(Records from a collection)
☆ ☆ ☆ ☆ ☆ ☆ ☆

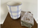 Light Blue and white ceramic wastebasket and two grey hand towels with pinecone embellishment. Wastebasket has scuff, as shown.
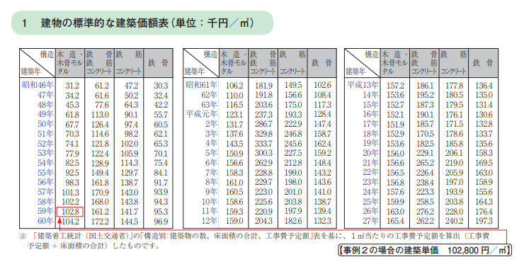 新しく同じ建物を立てると仮定したとき、床面積あたりいくらかかるのか、という指標です。
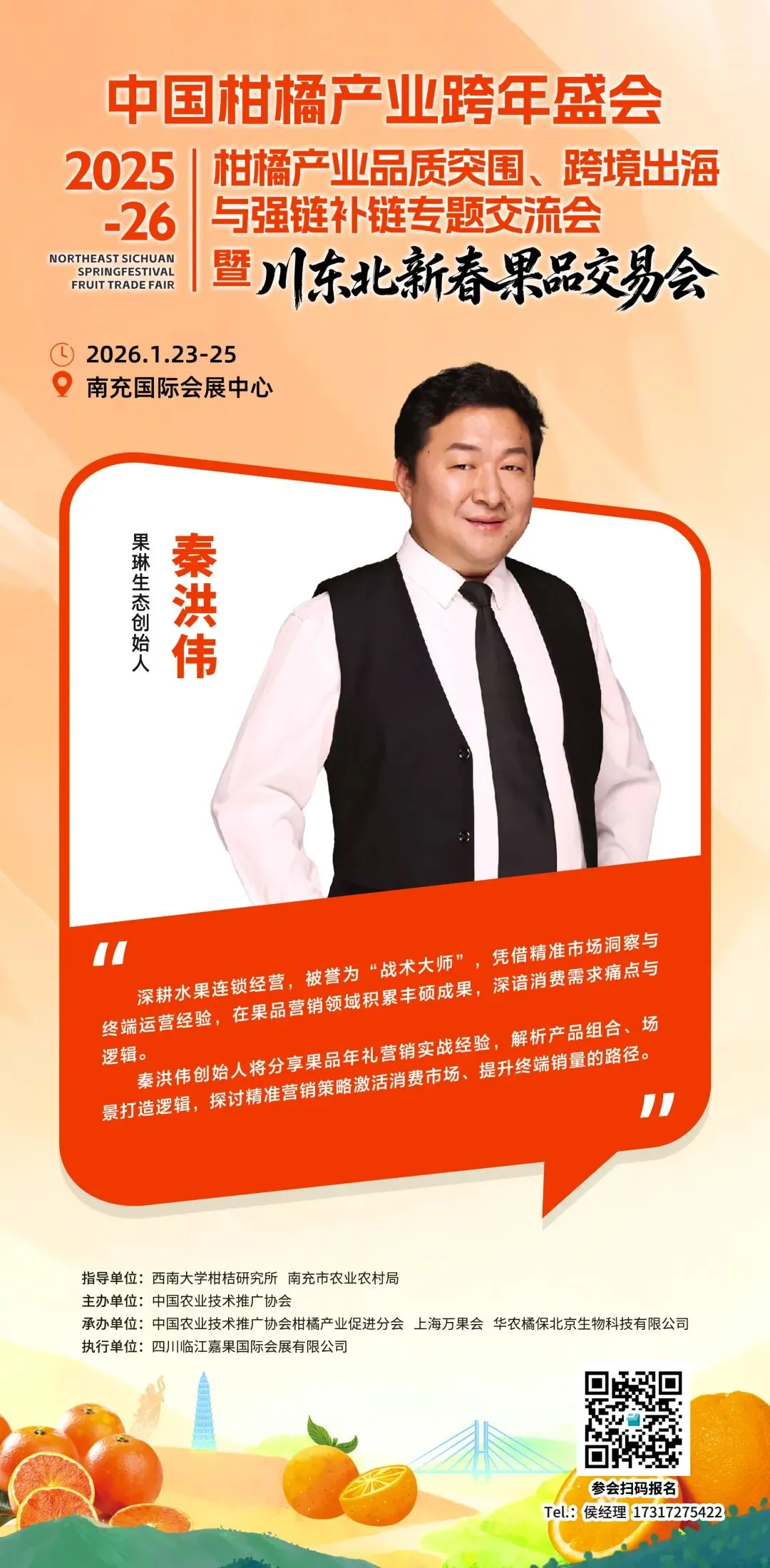 1月23日至25日,备受瞩目的柑橘产业专题交流会暨川东北新春果品交易会即将启幕。作为深耕水果行业14年的领军力量,果琳生态将携全产业链服务能力重磅参展,创始人秦洪伟更将以特邀嘉宾身份登台分享,解密果品营销增长密码,为川东北柑橘产业高质量发展注入新动能。
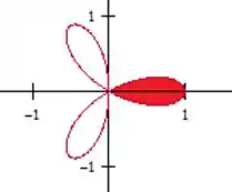 A questão pede para calcularmos a área de uma região usando uma integral dupla, no nosso caso, um laço de rosácea com
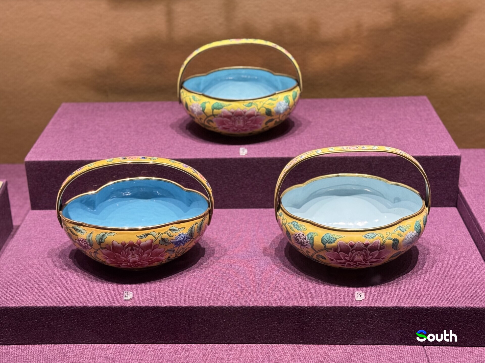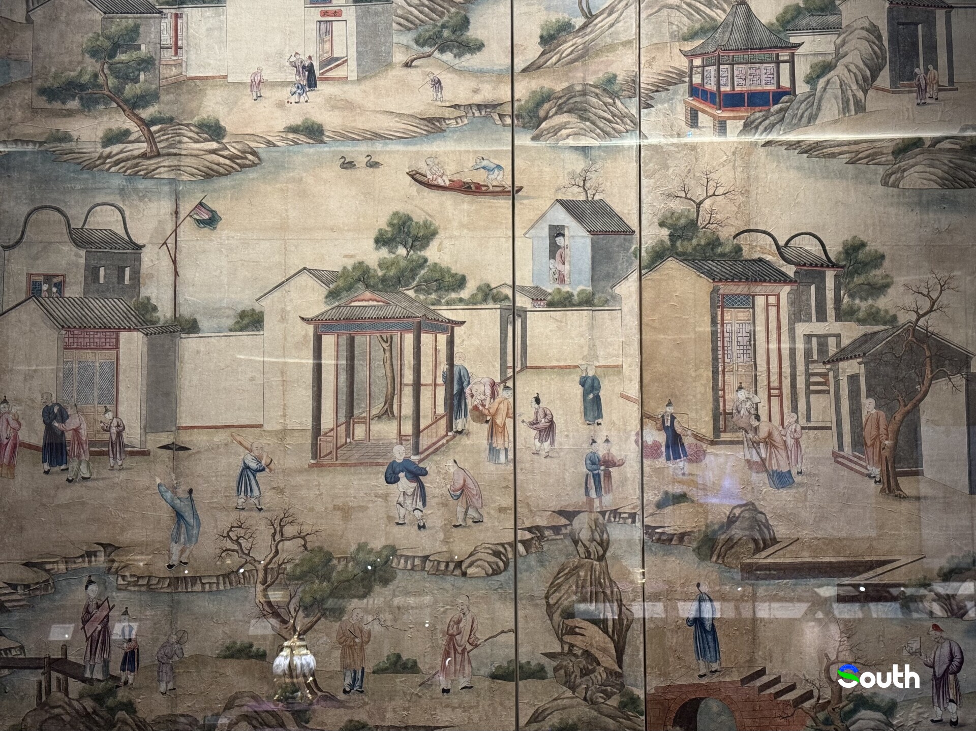 The exhibition gathers over 200 rare artifacts that chronicle Guangdong's international connections. Featured exhibits capture this spirit. A Tang Dynasty ivory figure, discovered in Guangzhou's ancient palace site, hints at early contact with Arab merchants, while the city's Tang-era foreign quarter, Fan Fang, shows that Guangzhou was already a global hub over a thousand years ago. A Ming gold ingot reveals trade with the Indian Ocean; an 18th-century enamel flower basket highlights East-West artistic exchange; and a Qing Dynasty hand-painted wallpaper, once decorating a British mansion, reconnects East and West nearly 300 years later.
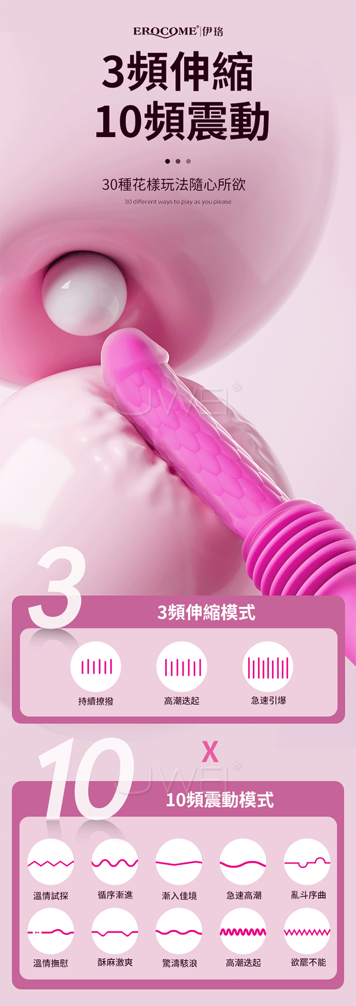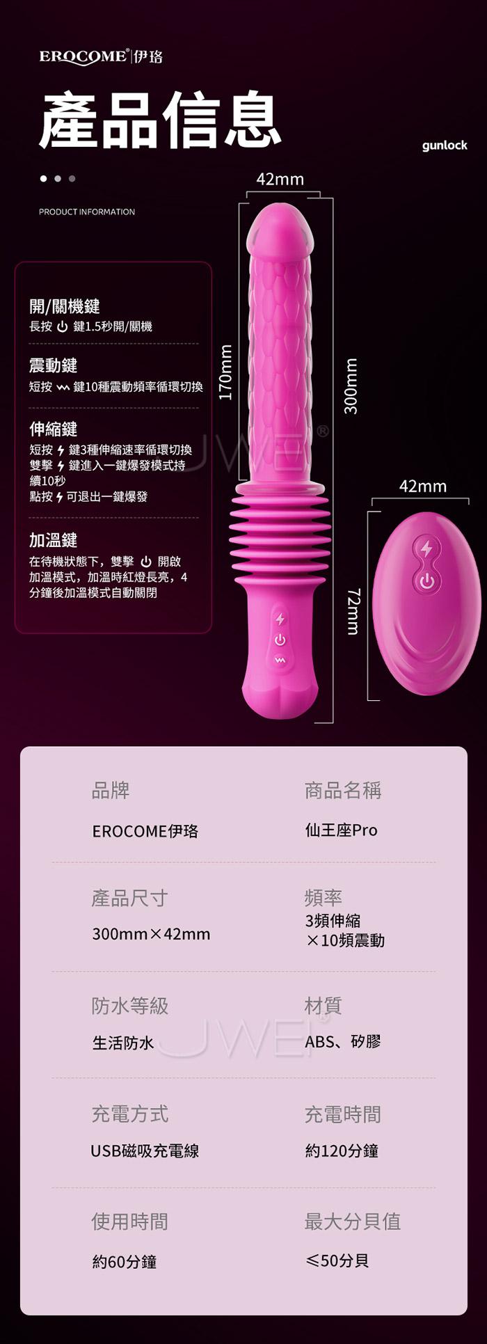 ■功能:3頻伸縮、10頻震動、、無線遙控、吸盤底座、加溫
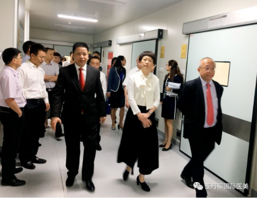 成都市副市长刘筱柳、成都成华区区委副书记、区长蒲发友等领导在圣丹福国际医疗集团领导林志程、潘锡源等人的陪同下参观圣丹福整形。
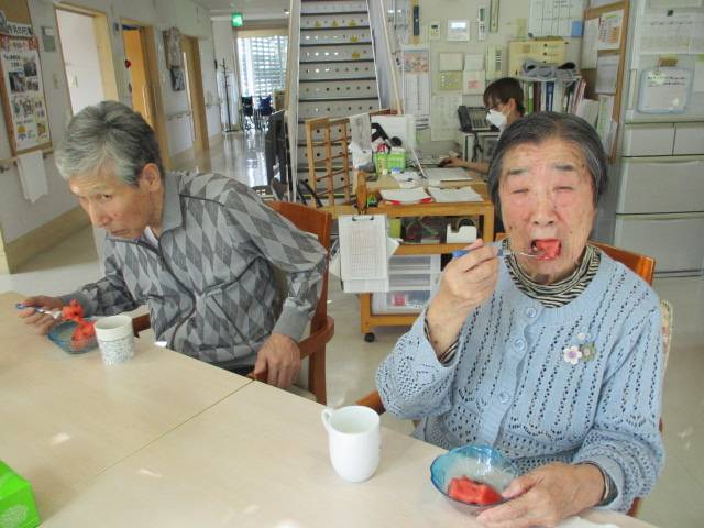 さて、本日の午後のお茶会にて、ご家族様よりいただいたスイカを提供しました。丸々とし、ジューシーなスイカに皆様も「スイカはいいなー」「美味しい」と大喜び。夏を感じるひと時となりました。
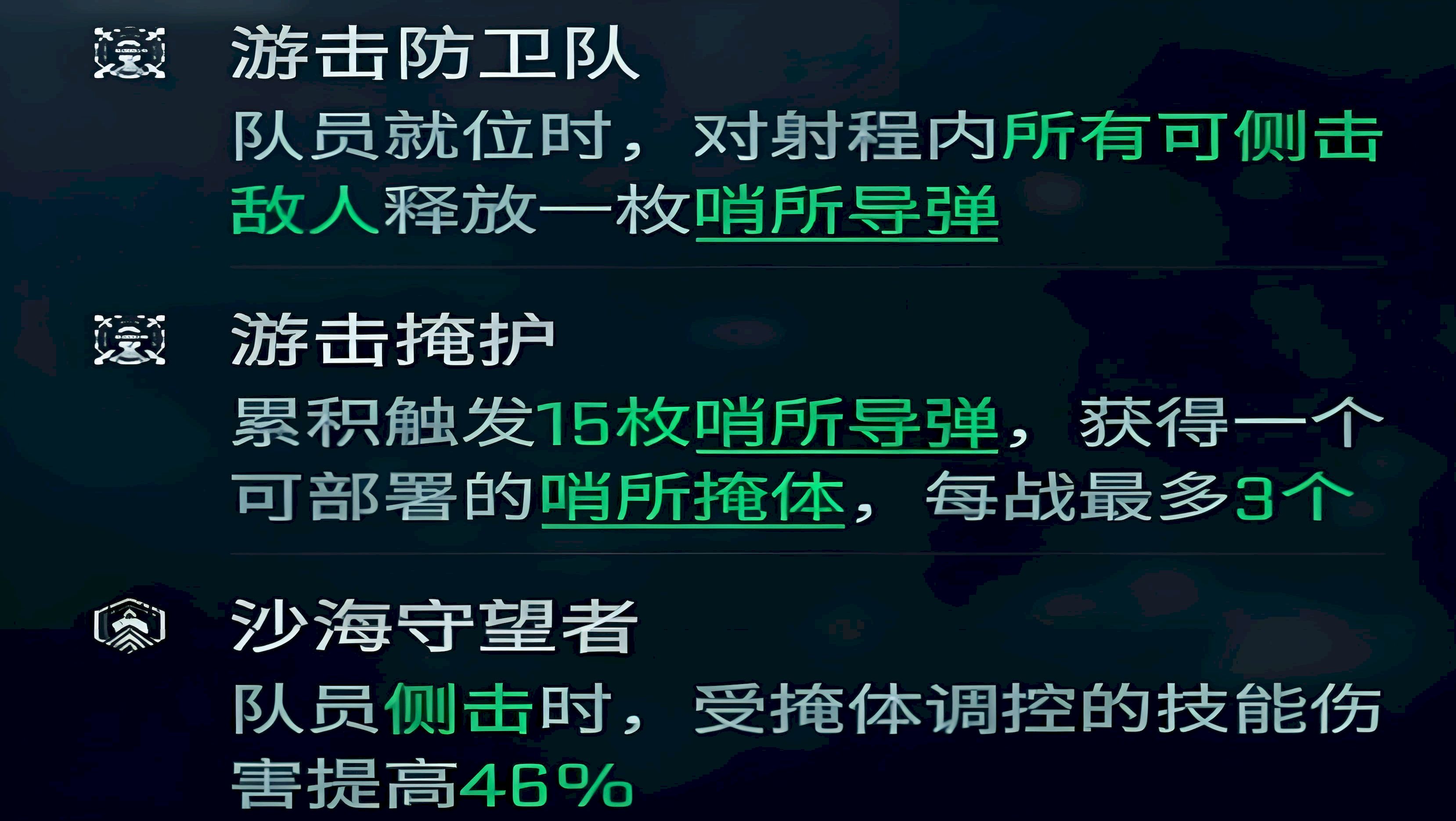 1、沙鹰本色是基础且常见的模组,主要强化角色侧翼攻击能力,遭遇敌人包围时可降低所受伤害,适合新人初期开荒,提升战场适应能力。

☆ ☆ ☆ ☆ ☆ ☆ ☆

PROBLEM STATEMENT: Put down exactly the lines of the data above that run from its first line through the line bearing "A questão pede", and no pictures.

YOUR SOLUTION:
 Light Blue and white ceramic wastebasket and two grey hand towels with pinecone embellishment. Wastebasket has scuff, as shown.
 新しく同じ建物を立てると仮定したとき、床面積あたりいくらかかるのか、という指標です。
 1月23日至25日,备受瞩目的柑橘产业专题交流会暨川东北新春果品交易会即将启幕。作为深耕水果行业14年的领军力量,果琳生态将携全产业链服务能力重磅参展,创始人秦洪伟更将以特邀嘉宾身份登台分享,解密果品营销增长密码,为川东北柑橘产业高质量发展注入新动能。
 A questão pede para calcularmos a área de uma região usando uma integral dupla, no nosso caso, um laço de rosácea com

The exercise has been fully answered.